This repository contains a collection of hands-on assignments completed as part of the Machine Learning course at Saint Petersburg State University (SPbU).
The goal of the course was to develop a solid understanding of ML algorithms through implementation from scratch and practical use of real-world tools. Each task involved working with real or synthetic datasets and focused on solving core ML problems such as regression, classification, clustering, dimensionality reduction, and text analysis.
Assignments combine algorithmic work with data preprocessing, visualization, metric analysis, and application of modern Python tools such as scikit-learn, CatBoost, cvxopt, nltk, NumPy, and others.

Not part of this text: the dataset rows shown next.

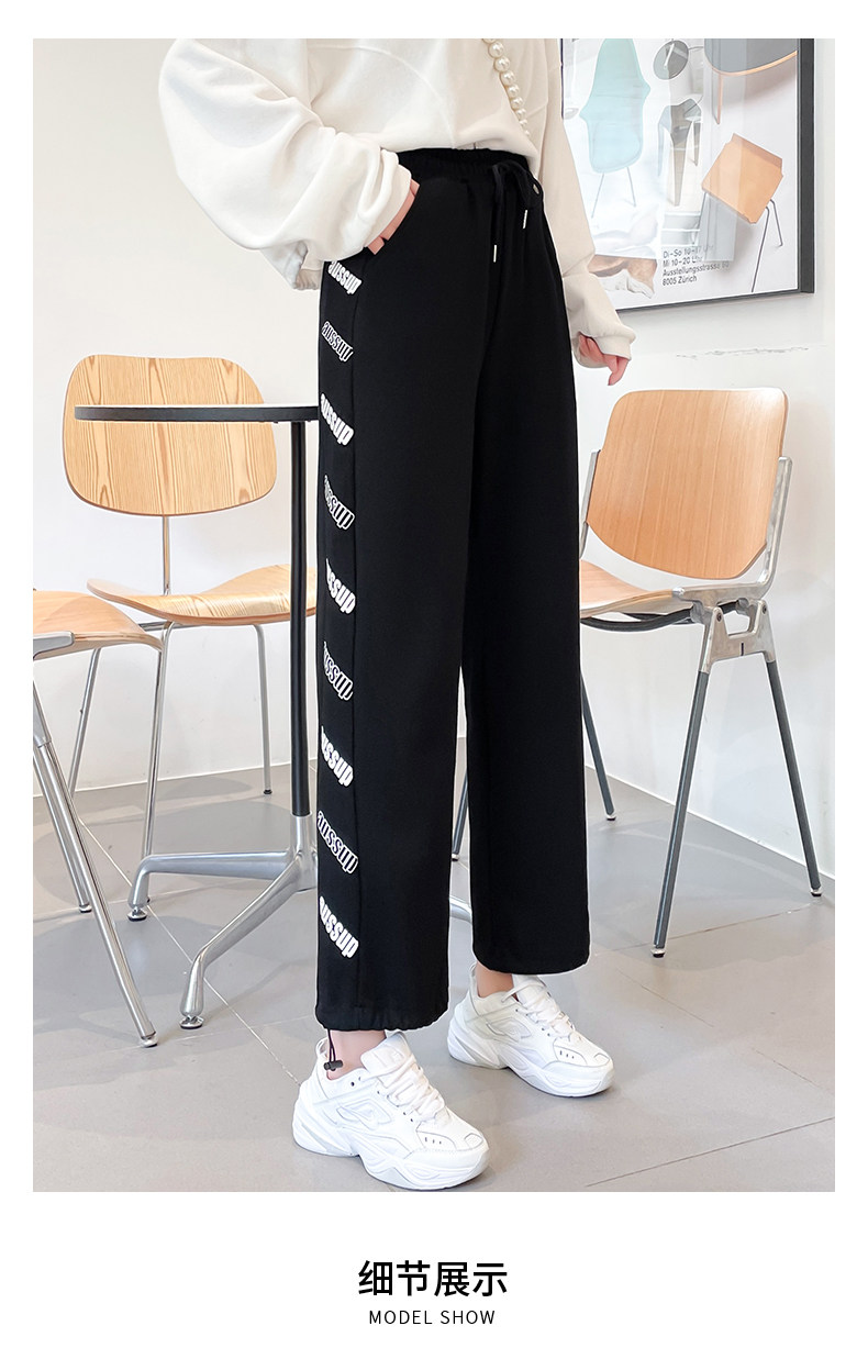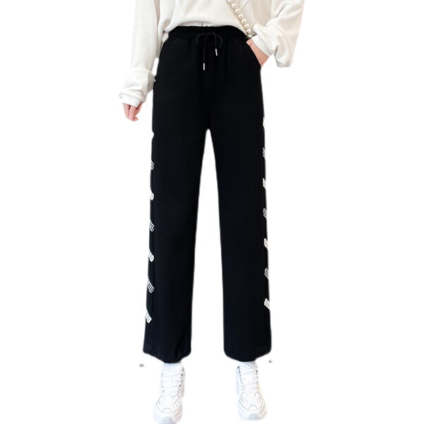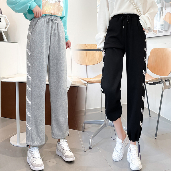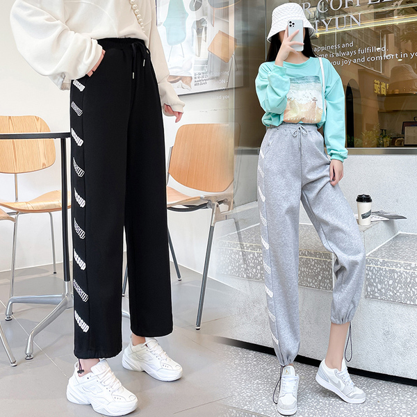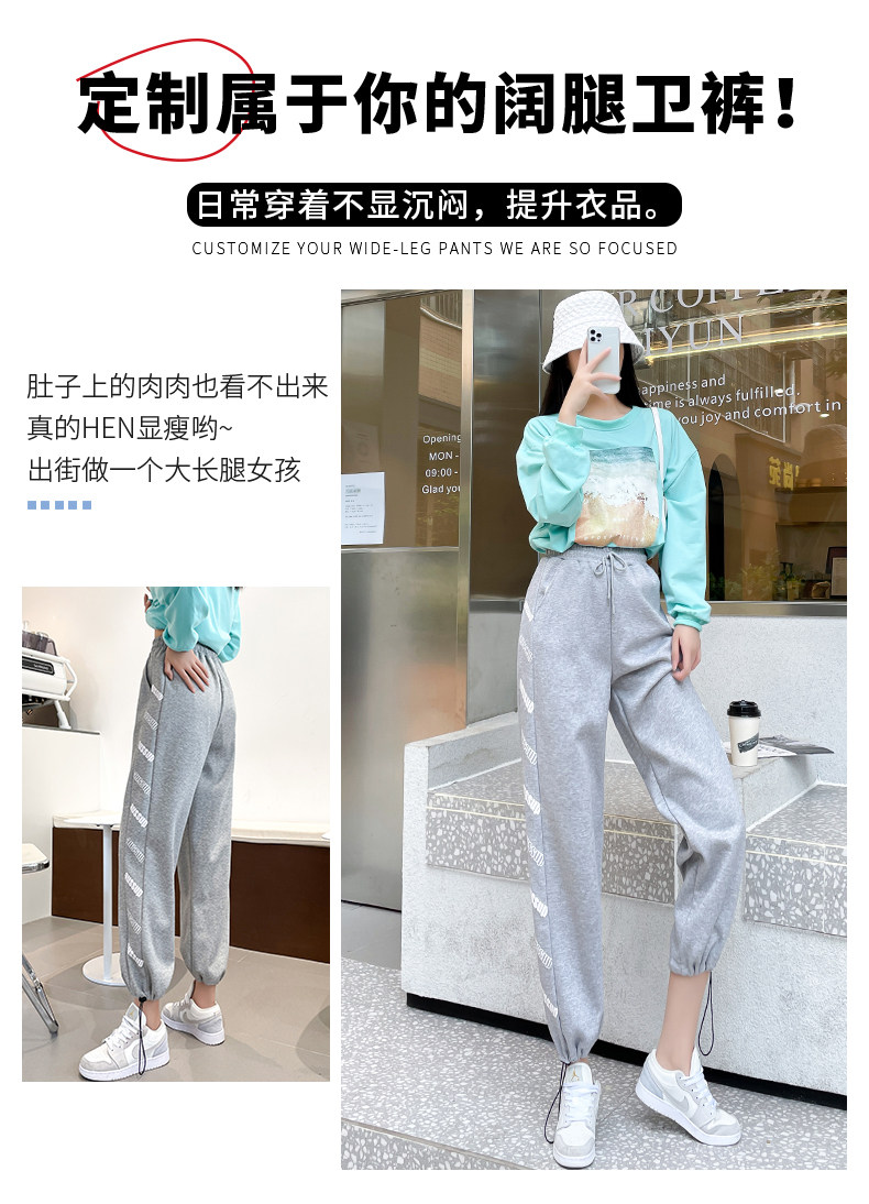 PF17193#运动裤休闲开叉裤垂感显瘦宽松直筒卫裤ins潮女裝貨源服裝批...
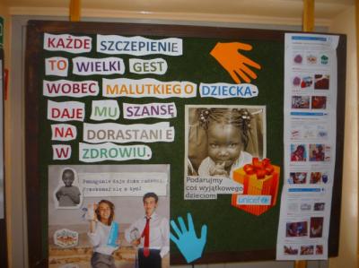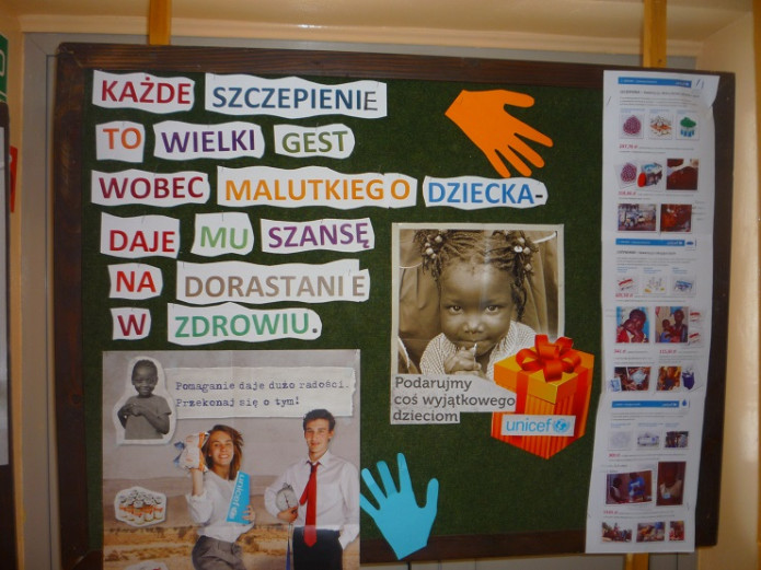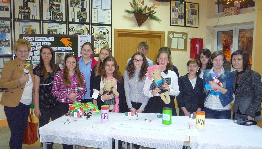 Projekt UNICEF był realizowany w naszym gimnazjum już po raz trzeci. Zawsze cieszy się ogromnym zainteresowaniem uczniów, a wcale nie ogranicza się tylko do eventu charyta-tywnego. Od listopada młodzież poznawała problemy Biednego Południa oraz działalność UNICEF metodą e-learningu. Kolejnym etapem było samodzielne przygotowanie scenariusza lekcji o Sudanie Południowym, znaczeniu szczepień w tym kraju z wykorzystaniem materiałów audiowizualnych. Uczestnicy projektu przeprowadzili na tej podstawie zajęcia w każdej klasie.-Projekt miał na celu nie tylko uwrażliwienie na potrzeby innych, kształtowanie tolerancji- podsumowuje Joanna Bykowska, szkolny koordynator akcji- Bardzo cenne okazało się rozwijanie w uczniach postaw otwartości, zaangażowania i kreatywnego rozwiązywania problemów. Niewątpliwą zaletą tego projektu była również współpraca międzypokoleniowa, gdyż w szyciu laleczek pomagali rodzice i dziadkowie.
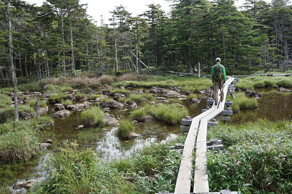 茶臼山の登りも一直線でゴロゴロした道でした。縞枯山ほど長くなかったです。

| # | Title | Summary | Links |
|---|---|---|---|
| 2 | KD-Tree | Manual implementation of KD-Tree for fast k-NN search in multidimensional space. | 📁 homework_2 · PR #2 |
| 3 | Linear Regression | Predict house prices from the Kaggle dataset. Includes pipelines, preprocessing, regularization (L1/L2), feature and target transformations. | 📁 homework_3 |
| 4 | Gradient Descent | Custom implementation of gradient descent for linear regression with different loss functions (MSE, MAE). Convergence analysis. | 📁 homework_4 |
| 5 | Support Vector Machine | Solving SVM using cvxopt: both linear and kernelized versions. Tested on synthetic data, kernel influence analysis. |
📁 homework_5 |
| 6 | Ensembles: Random Forest & CatBoost | Random Forest implementation + CatBoost usage on real VK social network data. Task: predict user gender and age. | 📁 homework_6 |
| 7 | Clustering | Manual implementation of KMeans, DBScan, Agglomerative Clustering. Includes image color quantization with clustering. | 📁 homework_7 |
| 8 | Text Classification | Spam classifier using Bag of Words, TF-IDF, Snowball stemmer, Naive Bayes. End-to-end NLP pipeline. | 📁 homework_8 |
-
Clone the repository:
git clone https://github.com/irinszn/SPbU_ML.git
-
Navigate to the homework folder you want to explore:
cd SPbU_ML/src/homeworks/homework_3 -
Launch the Jupyter Notebook interface:
jupyter notebook
-
Open the corresponding
.ipynbfile (e.g.,linreg.ipynb) in your browser and run the code interactively.